Collected data:
★ ★ ★ ★ ★ ★ ★

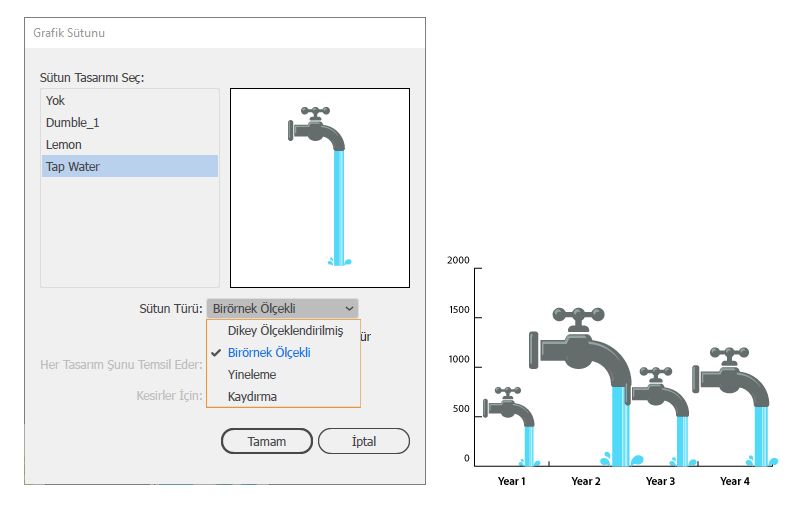 Sütunlara ve işaretleyicilere illüstrasyonlar eklemek için grafik tasarımlarını kullanabilirsiniz. Grafik tasarımları, basit çizimler, logolar veya grafikteki değerleri temsil eden başka semboller olabilir; desenler ve kılavuz nesneleri içeren karmaşık nesneler de olabilir. Illustrator uygulaması, çeşitli hazır grafik tasarımlarıyla gelir. Ayrıca, yeni grafik tasarımları oluşturabilir ve bunları Grafik Tasarımı iletişim kutusunda saklayabilirsiniz.
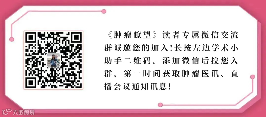 凡署名原创的文章版权属《肿瘤瞭望》所有,欢迎分享、转载。本文仅供医疗卫生专业人士了解最新医药资讯参考使用,不代表本平台观点。该等信息不能以任何方式取代专业的医疗指导,也不应被视为诊疗建议,如果该信息被用于资讯以外的目的,本站及作者不承担相关责任。
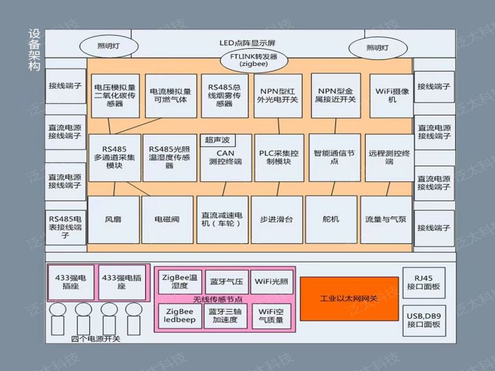 實(shí)訓臺支持0-5V/0-10V/4-20mA/0-20mA模擬量、開(kāi)關(guān)量、數字量等常用工業(yè)信號采集;集成CAN、RS485工業(yè)現場(chǎng)總線(xiàn)和工業(yè)以太網(wǎng)絡(luò ),支持ModbusRTU、ModbusTCP協(xié)議;包含ZigBee、WiFi、BlueTooth短距離和LoRa、NB-IoT、LTE遠距離無(wú)線(xiàn)傳感網(wǎng)絡(luò );集成工業(yè)以太網(wǎng)網(wǎng)關(guān),具有ModbusRTU、CAN、無(wú)線(xiàn)傳感網(wǎng)等異構網(wǎng)絡(luò )協(xié)議解析功能,支持ModbusTCP工業(yè)以太網(wǎng)協(xié)議,可通過(guò)MQTT、CoAP、HTTP物聯(lián)網(wǎng)協(xié)議接入工業(yè)物聯(lián)網(wǎng)云服務(wù)平臺;支持云服務(wù)平臺本地化部署或云端部署,提供API二次開(kāi)發(fā)接口。提供基于智慧工廠(chǎng)、智慧城市、車(chē)載控制、?;返刃袠I(yè)的數據采集監控系統的嵌入式開(kāi)發(fā)、Android應用開(kāi)發(fā)、Web應用開(kāi)發(fā)、標識解析實(shí)訓案例。實(shí)訓臺主要由工業(yè)以太網(wǎng)網(wǎng)關(guān)、無(wú)線(xiàn)傳感節點(diǎn)區、網(wǎng)孔實(shí)訓區、以及臺體框架(含電源接線(xiàn)端子、傳感器接線(xiàn)端子、通信接口面板等)組成。
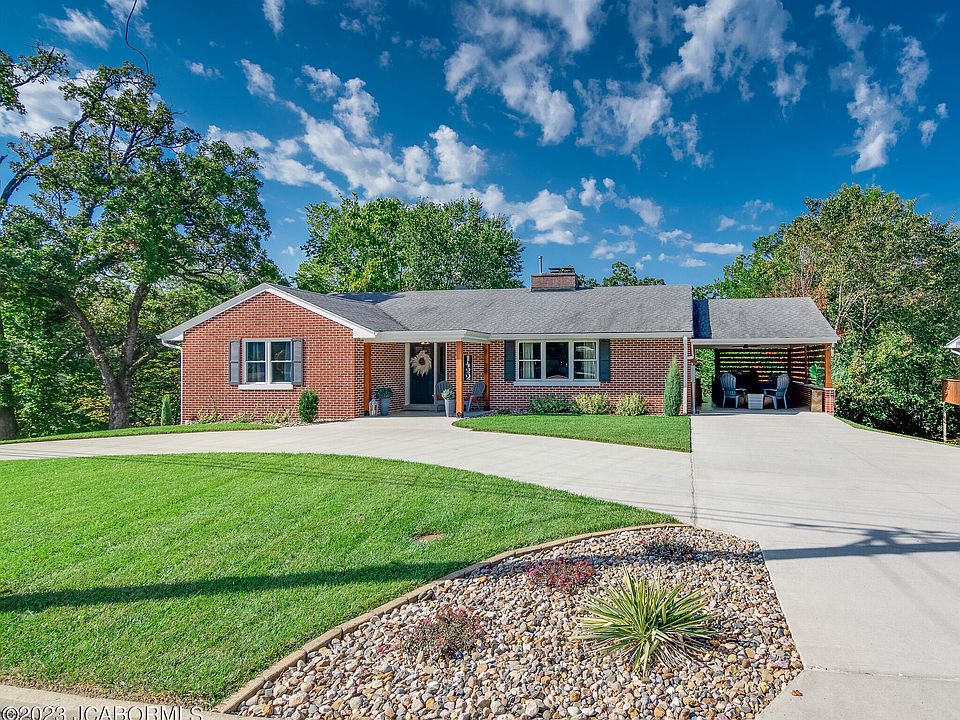 Check this out! Immaculate property in Jefferson City. Pull into a beautifully landscaped front yard and circle driveway. The carport is a perfect entertainment spot and of course parking. New epoxy floors on the carport and covered front porch. Walk into a large family room with hardwood floors and a nice built in corner cabinet. Nice kitchen with newer appliances and lots of natural light. Kitchen opens to the living room with a fireplace. Master bedroom offers double closets and a half bath. Nicely remodeled main level full bath as well. Basement offers a family room with newer flooring. Third bedroom is downstairs and can act as a second master suite as it has a full bath off of it. Tons of storage downstairs with another storage room under the carport. Private and fenced backyard. Lots to offer at this beautiful property, call to see today!
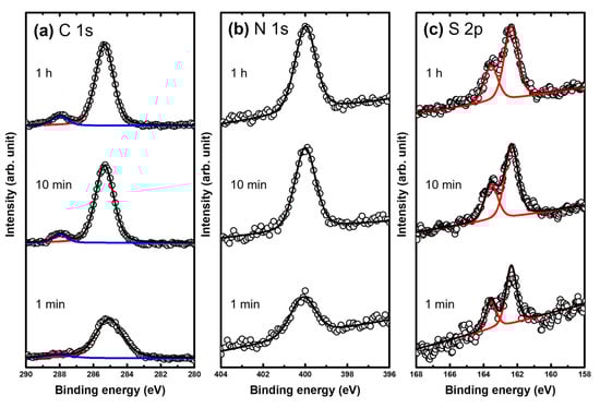 The (a) C 1s, (b) N 1s, and (c) S 2p regions of the XPS spectra of MEHA SAMs on Au(111) formed in 0.01 mM EtOH solution at RT for 1 min, 10 min, and 1 h. The dark lines correspond to the normalized XPS peaks and the colored lines correspond to the fitted XPS peaks.
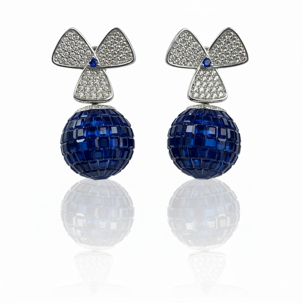 Make a grand statement with these architectural drop earrings, featuring a magnificent sphere of invisibly set blue sapphires. Suspended from an elegant tri-fan stud encrusted with brilliant diamond pavé, these earrings offer a bold, three-dimensional silhouette that defines modern high-jewelry luxury.
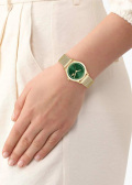 Заостренные прямоугольные стрелки в стиле Baton. Секундная стрелка в виде фирменной буквы логотипа ''L''. Рифленая заводная головка с логотипом. Удобный и надежный стальной браслет миланского плетения.
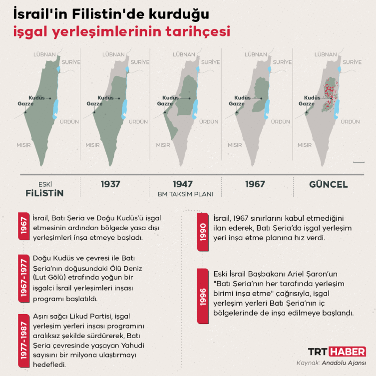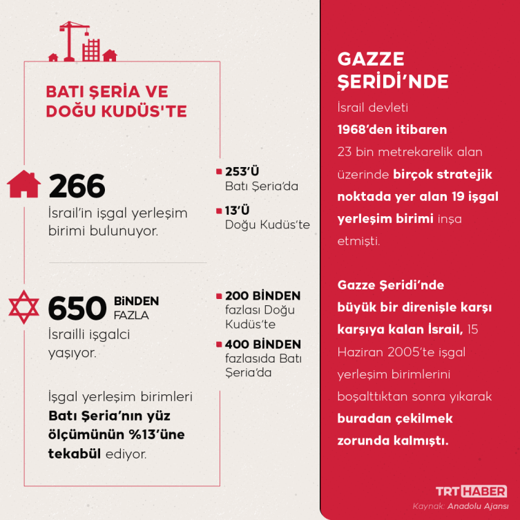 İsrail’in Batı Şeria ve Doğu Kudüs’ü işgal ettiği 1967'de, bölgede tek bir Yahudi işgalci bile bulunmazken, bugün 230 bini Doğu Kudüs’te olmak üzere 650 bin Yahudi işgalci yaşıyor.
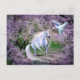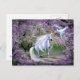 A delicately hued unicorn with lavender predominating in a similarly colored blooming spring trees background and a fantasy bird celebration of a fantastical spring postcard

★ ★ ★ ★ ★ ★ ★

EXERCISE DESCRIPTION: In the records above, find the line with "The (a) C 1s, (b)" and the line with "İsrail’in Batı Şeria". Write out exactly those lines and every one between, with no pictures and no other lines.

EXPECTED ANSWER:
 The (a) C 1s, (b) N 1s, and (c) S 2p regions of the XPS spectra of MEHA SAMs on Au(111) formed in 0.01 mM EtOH solution at RT for 1 min, 10 min, and 1 h. The dark lines correspond to the normalized XPS peaks and the colored lines correspond to the fitted XPS peaks.
 Make a grand statement with these architectural drop earrings, featuring a magnificent sphere of invisibly set blue sapphires. Suspended from an elegant tri-fan stud encrusted with brilliant diamond pavé, these earrings offer a bold, three-dimensional silhouette that defines modern high-jewelry luxury.
 Заостренные прямоугольные стрелки в стиле Baton. Секундная стрелка в виде фирменной буквы логотипа ''L''. Рифленая заводная головка с логотипом. Удобный и надежный стальной браслет миланского плетения.
 İsrail’in Batı Şeria ve Doğu Kudüs’ü işgal ettiği 1967'de, bölgede tek bir Yahudi işgalci bile bulunmazken, bugün 230 bini Doğu Kudüs’te olmak üzere 650 bin Yahudi işgalci yaşıyor.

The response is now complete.